Addendum to the Flexcon Global Privacy Policy – Australia
This addendum is made in addition to the Flexcon Global Privacy Policy for users and browsers in Australia. If there is any conflict between the Global Privacy Policy and this addendum, the addendum shall govern.
We have adopted the Australian Privacy Principles (APPs) contained in the Privacy Act 1988 (the Privacy Act). The APPs govern the way in which we collect, use, disclose, store, secure and dispose of your Personal Information.
A copy of the Australian Privacy Principles may be obtained from the website of The Office of the Australian Information Commissioner at www.aoic.gov.au.
Sensitive Information
Sensitive information is defined in the Privacy Act as information or opinion about an individual's racial or ethnic origin, political opinions, membership of a political association, religious or philosophical beliefs, membership of a trade union or other professional body, criminal record or health information.
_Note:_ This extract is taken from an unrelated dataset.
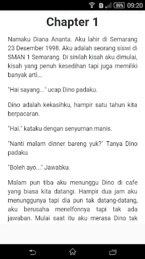 The story of Diana Ananta in finding the real meaning of love. Is his heart still choose Dino's status as a girlfriend, but less attention to him? Or is her heart instead will turn to Roy, who only existed as a friend yet attentive on Diana? Download this novel to find out who would choose to be his girlfriend Diana?
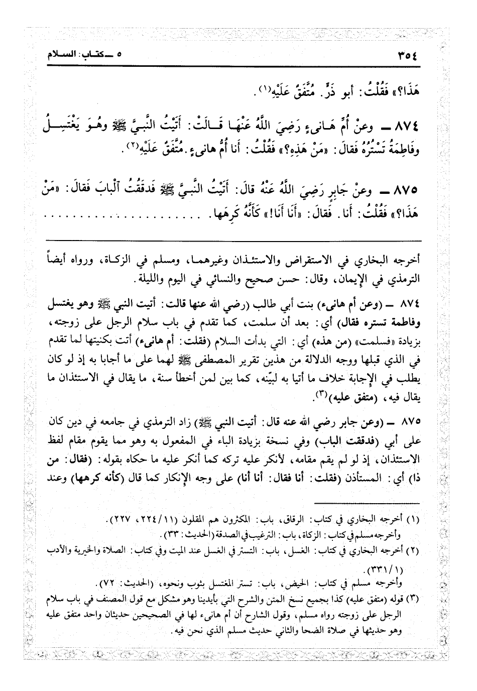 3876 - (وعن أم هانىء) بنت أبي طالب (رضي الله عنها قالت: أتيت النبي وهو يغتسل وفاطمة تستره فقال) أي بعد أن سلمت كما تقدم في باب سلام الرجل على زوجته بزيادة فسلمت (من هذه) أي التي بدأت السلام (فقلت: أم هانىء) أتت بكنيتها لما تقدم في الذي قبلها. ووجه الدلالة من هذين تقرير المصطفى لهما على ما أجابا به، إذا لو كان يطلب في الإجابة خلاف ما أتيا به لبينه كما بين لمن أخطأ سنة ما يقال في الاستئذان ما يقال فيه (متفق عليه) .

Flexcon does not collect sensitive information through the Website, about Website visitors, or otherwise about actual or potential customers or end consumers.
Access and Deletion Rights
You have the right to access the Personal Information we hold about you and to update and/or correct it, subject to certain exceptions. If you wish to make a request to access, update or correct your Personal Information, please contact us in writing at privacy@flexcon.com. There is no fee for your access request. We may require identification from you before releasing the requested information.
When your Personal Information is no longer needed for the purposes for which it was obtained or the purposes described in this Privacy Policy, we will take reasonable steps to delete or de-identify your Personal Information.